The 5′ nuclease assay for CYP2D6 allele *4 was validated on 16 samples homozygote for the 1846G (wildtype), 16 heterozygotes, and 16 samples homozygote for the mutant 1846A. All test results conformed to those of the original reports, and no samples failed to amplify in this assay (Table 2).

The immediate area (~100 bp upstream and ~40 bp downstream) surrounding the CYP2D6 allele *6 founder mutation 1707delT in exon 3 is highly conserved between the CYP2D6 and CYP2D7 gene.44 For this reason, the forward primer of the 5′ nuclease assay is located 131 bp upstream from the probe site, while the reverse primer is located 25 bases downstream. The latter primer covers the same sequence as that used for the forward primer of the allele CYP2D6*4 assay and also includes the *8 1758G>T in the 5′ end of its sequence.27 Similarly, the probe sequence of the assay includes the 1716G>A of alleles *45 and *46.27 The product generated using the two primers is 212 bp long (Table 3).
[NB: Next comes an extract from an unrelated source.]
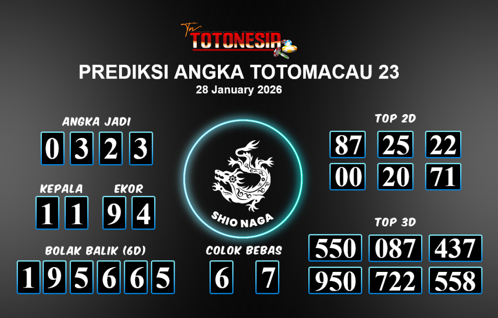 Toto Nesia : Bocoran Prediksi Togel TOTOMACAU 23 Tanggal 28 JANUARI 2026
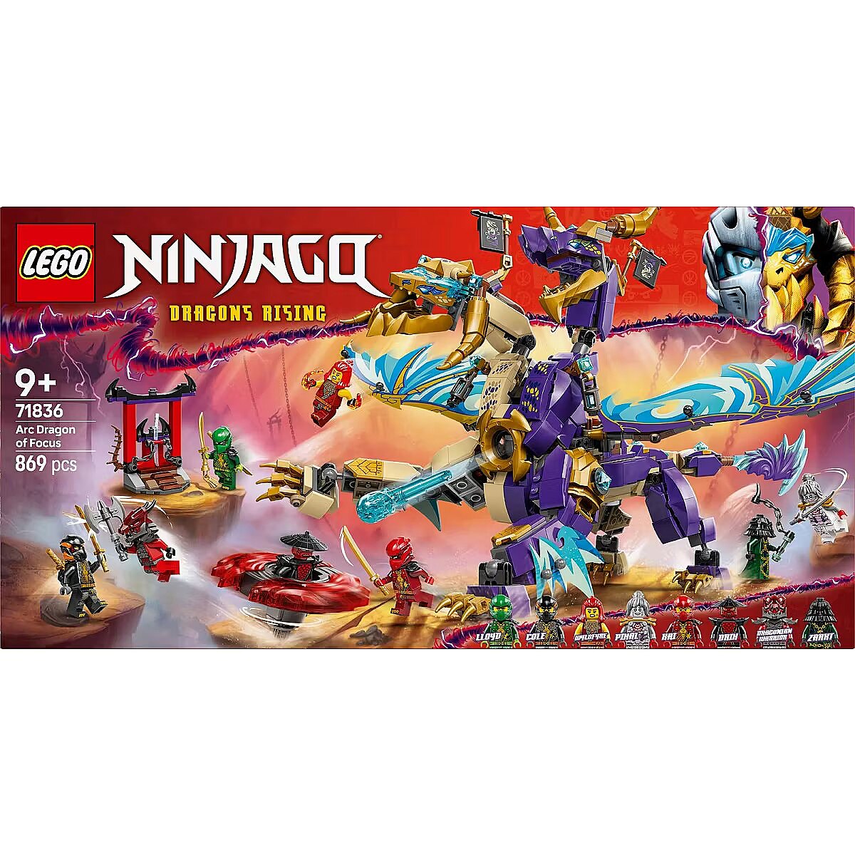 Description - Delight boys and girls aged 9 and up with this LEGO NINJAGO Arc Dragon of Focus (71836) ninja toy that lets them role-play epic action scenes from season 3 of the NINJAGO Dragons Rising TV show. This building kit features a 2-headed dragon figure with posable tail, legs, feet, head, neck, jaw and claws. Kids can activate a shooter in its chest and move its large foil wings back and forth using a lever on its back. This battle playset includes 8 NINJAGO character minifigures for ninja fans to stage action-packed adventures. Find ninja warriors Lloyd, Cole, Wyldfyre and Kai, and their ally Pixal, each with a ninja weapon accessory, plus villains Drix, Zarkt and a Dragonian Warrior with their own weapons. For more play value, the LEGO set comes with a cool spinjitzu spinner vehicle. Kids can place a minifigure inside and press a button on its launcher that fires it into a rapid spin, then watch as 2 power elements possibly fly off as it hits its target. NINJAGO dragon toy for kids The 2-headed Arc Dragon of Focus ninja toy lets boys and girls aged 9 and up play out action from season 3 of the NINJAGO Dragons Rising TV show Highly posable dragon figure The Arc Dragon of Focus action toy features a posable tail, legs, feet, head, neck, jaw and claws Interactive NINJAGO dragon Kids can activate a shooter in the dragons chest and move its large foil wings back and forth using a lever on its back 8 NINJAGO minifigures This LEGO building set comes with ninja warriors Lloyd, Cole, Wyldfyre and Kai, and their ally Pixal, plus villains Drix, Zarkt and a Dragonian Warrior Spinner toy A spinjitzu spinner vehicle is also included in this LEGO set, and kids can place a minifigure inside it and press a button on the launcher to fire it into a rapid spin Ninja gift idea for kids This LEGO  set provides a fun build-and-play experience and is a great gift idea for boys and girls aged 9 and up who have a passion for ninja action Bigger ninja adventures Look out for more LEGO NINJAGO toys (sets sold separately) featuring even more dragons, temples and vehicles A universe of LEGO NINJAGO toys This extensive collection of toy playsets (sold separately) lets kids escape into a fantasy world for imaginative play with their ninja heroes Measurements The Arc Dragon of Focus in this 869-piece LEGO NINJAGO building set for kids stands over 10.5 in. (27 cm) tall

Although, allele *6 is found at a frequency of ~0.6 in Caucasians, homozygote carriers are rare.25,37,47 The only such sample available for validation of the 5′ nuclease assay was a *5/*6×2. This sample generates a signal that is similar to that of a *6/*6 genotype. When validating the assay, the *5/*6×2 sample was included in replicates together with 22 heterozygote samples and 24 previously tested as homozygote of the wildtype sequence. All results of the 5′ nuclease assay were consistent with that of the original tests (Table 2).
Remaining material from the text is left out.